Abstract

Abstract A two-dimensional scene is analyzed statistically by superimposing on it a rectangular grid and studying each square picture element (pixel) as one unit of the entire picture. With each pixel we want to associate one of K labels, but the label must be determined. Labels may be related to one another spatially, reflecting an underlying pattern in the scene. There is a noisy observation vector associated with each pixel, and these vectors are used contextually to classify the pixels; that is, to determine their labels in an effort to reconstruct the true scene. The discretized picture and the K labels constitute a lattice structure. We assume there is prior information available to assist in the reconstruction.

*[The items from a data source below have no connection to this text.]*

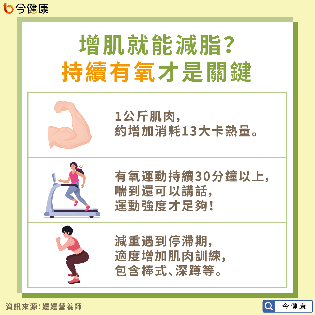 嫚嫚營養師指出,要想避免體脂上升,建議以飲食控制為主,切勿以為只要運動就能減重成功,1公斤的肌肉約增加消耗13大卡熱量,還是需要配合減脂和增肌運動。
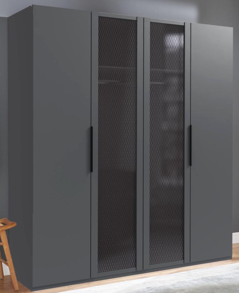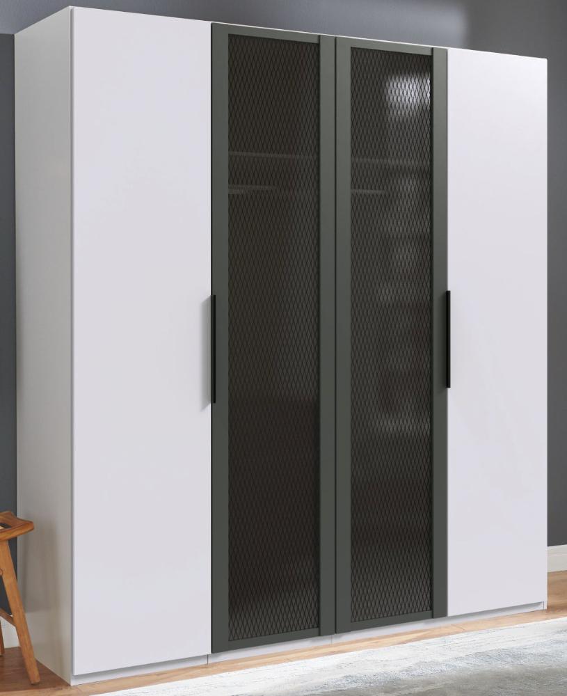 Drehtürenschrank 4-türig mit 2 Abteilungen inkl. Seiten ca: 100/100 cm, inkl. 2 Einlegeböden und 2 Kleiderstangen. Korpus und Front Weiß, Absetzung Graphit + Wabenglas Grey.
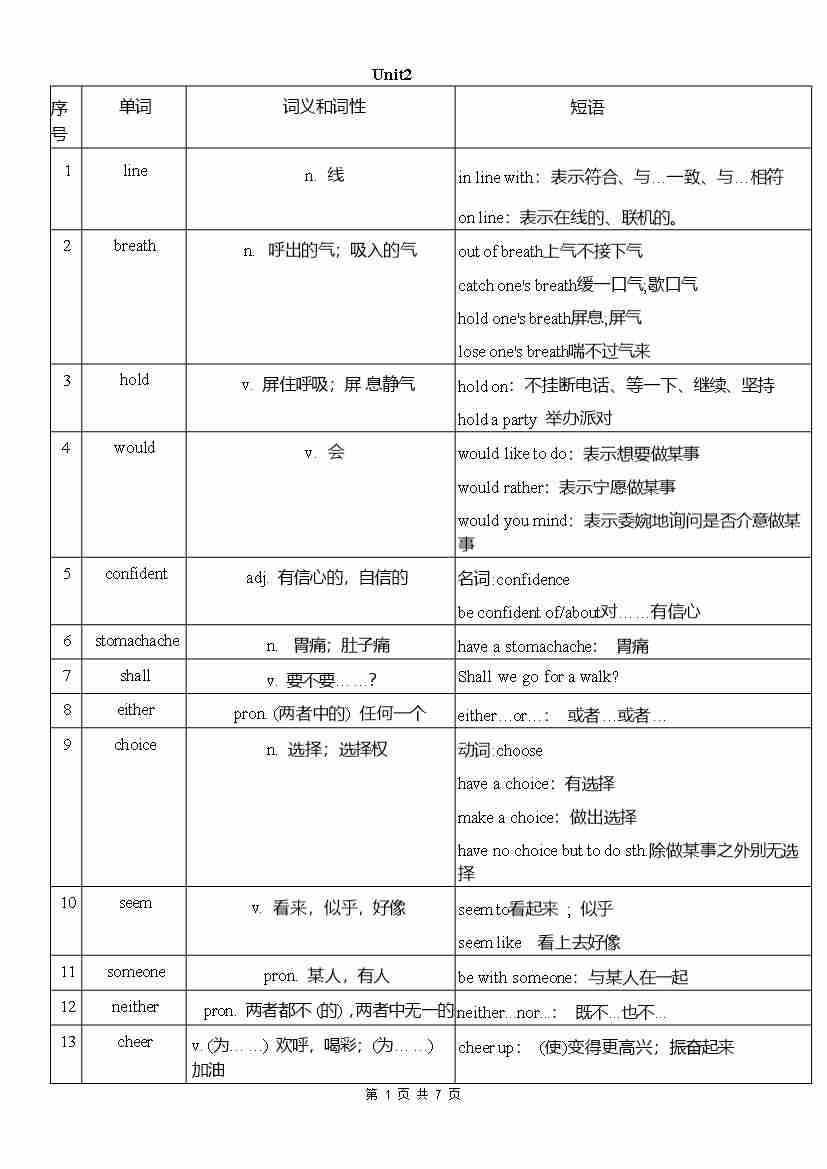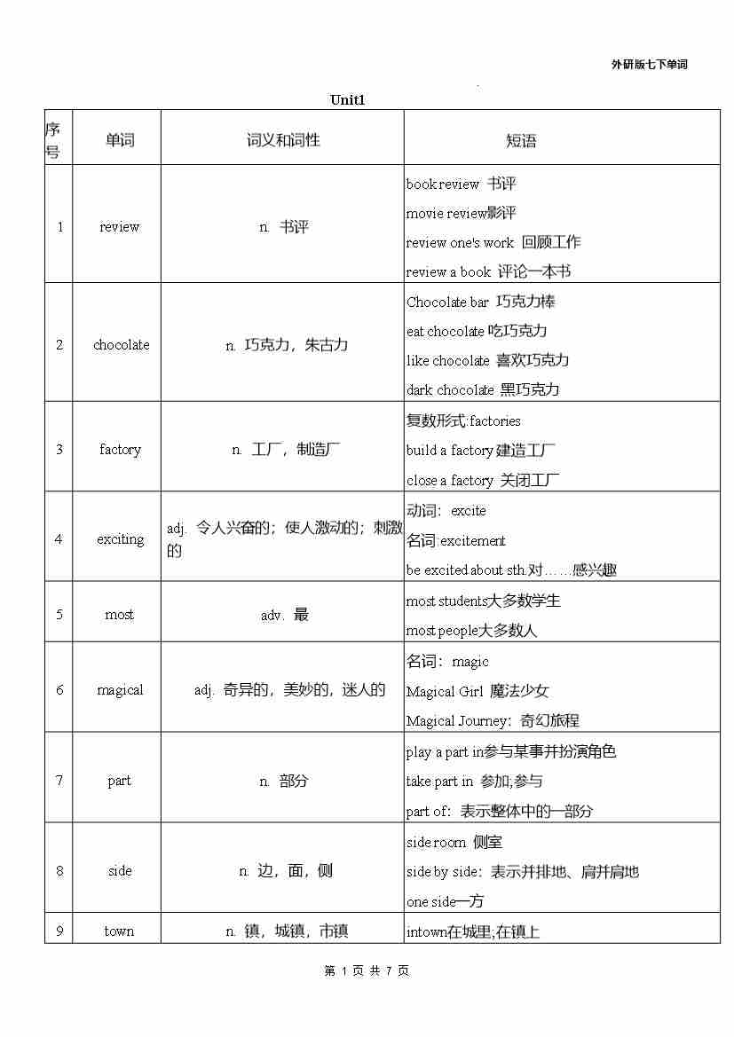2026 春 外研七年级下册单词英译中(改版)word
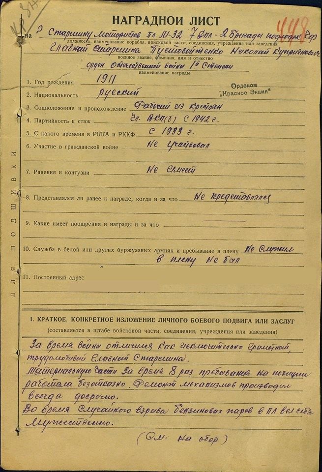 Направляю Вам копию донесения о подводной лодке Черноморского флота М-32, командир — капитан-лейтенант Колтыпин, которая доставляла боезапас и горючее войскам в Севастополь во время осады.

The adaptive Bayesian classification (ABC) procedure proposed is iterative. It starts with a formal predictive contextual Bayesian classification of the entire map, then proceeds by adaptively reclassifying all of the labels in the map at each iteration using an empirical Bayesian updating algorithm. The ABC algorithm provides an approximation to a local maximum for the joint posterior classification probability of all pixels in the map. The procedure attempts to improve on other such iterative procedures by reestimating parameters and reclassifying pixels by conditioning initially on prior information via the predictive Bayesian paradigm. It is “adaptive Bayesian” in that its initial reconstruction stage is formal Bayesian, and it also uses a Bayes theorem-type argument for updating the data at each iteration. Applications include image processing of remotely sensed satellite data, photon emission tomography, and computer vision.